The Yarmouth Bloaters were a motorcycle speedway team who operated from Yarmouth Stadium, Great Yarmouth from 1948 to 1962.

History
Speedway meetings had been taking place at Yarmouth Stadium since 1932. In 1948 the Yarmouth Bloaters speedway team were created and they joined the National League Division Three. The original plan was to use the name Yarmouth Mariners but the name was disliked by supporters and the name Bloaters was chosen because of the town's connections with the fishing industry. It was also the nickname of the local football team, Great Yarmouth Town F.C. The team's race jacket consisted of red and black quarters which then became red with black cross adorned with an image of a silver bloater.
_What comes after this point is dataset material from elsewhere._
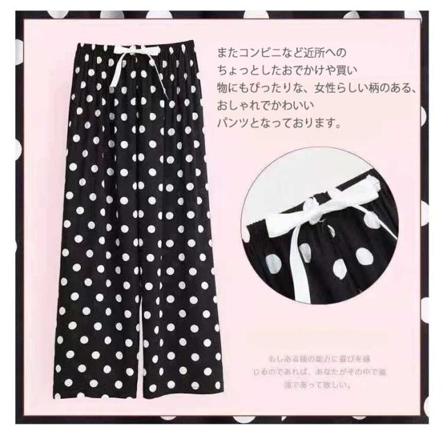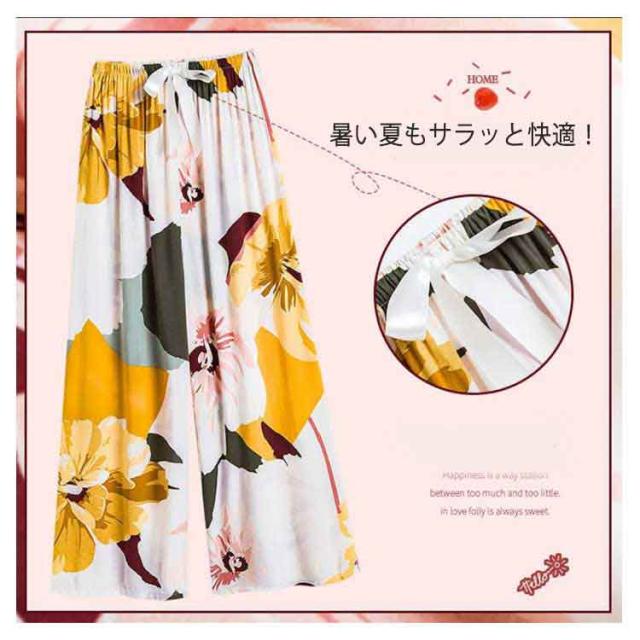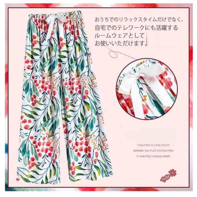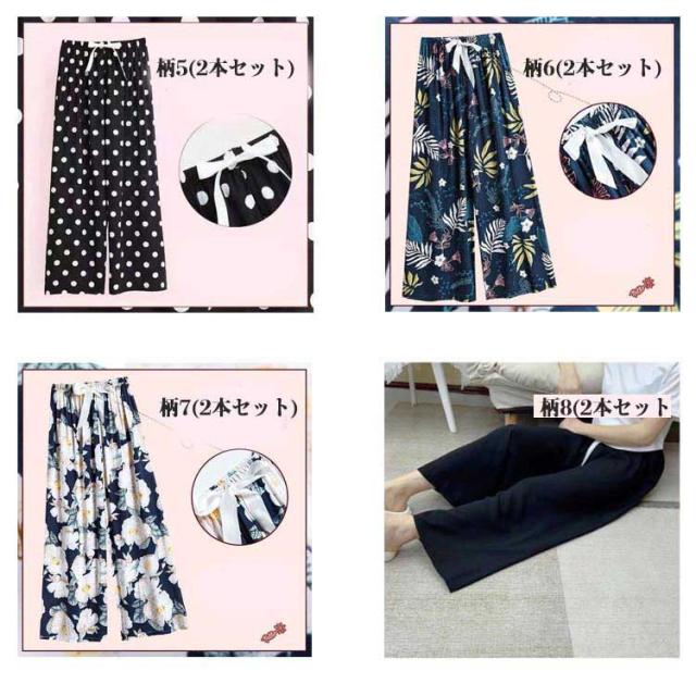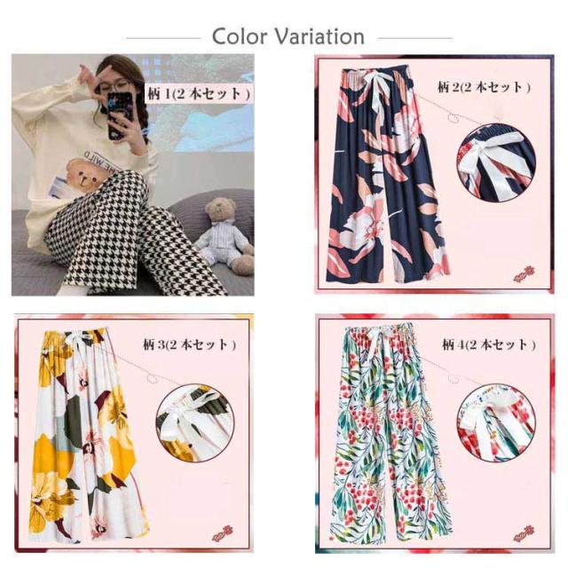 | 暑い夏もサラッと快適!レディース用ワイドパンツ2本セットです。 綿のような柔らかい素材を採用します。 風通しが良く、やわらかくて涼しげな生地となっています。 ウエストにはソフトなゴムが入っており、締め付け過ぎないのにずり落ちません。 おうちでのリラックスタイムだけでなく、自宅でのテレワークにも活躍するルームウェアとしてお使いいただけます。 またコンビニなど近所へのちょっとしたおでかけや買い物にもぴったりな、女性らしい柄のある、おしゃれでかわいいパンツとなっております。 | |

The team finished in 11th place in their inaugural league season.

In 1949 the Bloaters finished joint top of Division Three with the Hanley Potters, but the Potters superior race points average meant that Yarmouth finished as runners up. Yarmouth were offered promotion and moved up to the National League Division Two for the 1950 season. They spent fours seasons in Division two, with the last in 1953 being the best as the team finished in third place.

Yarmouth wanted to open the 1954 season several weeks late but this wish was denied by the Speedway Control Board and the Bloaters were not issued a racing licence for that year. The track remained closed until a consortium of local businessmen took over in 1957.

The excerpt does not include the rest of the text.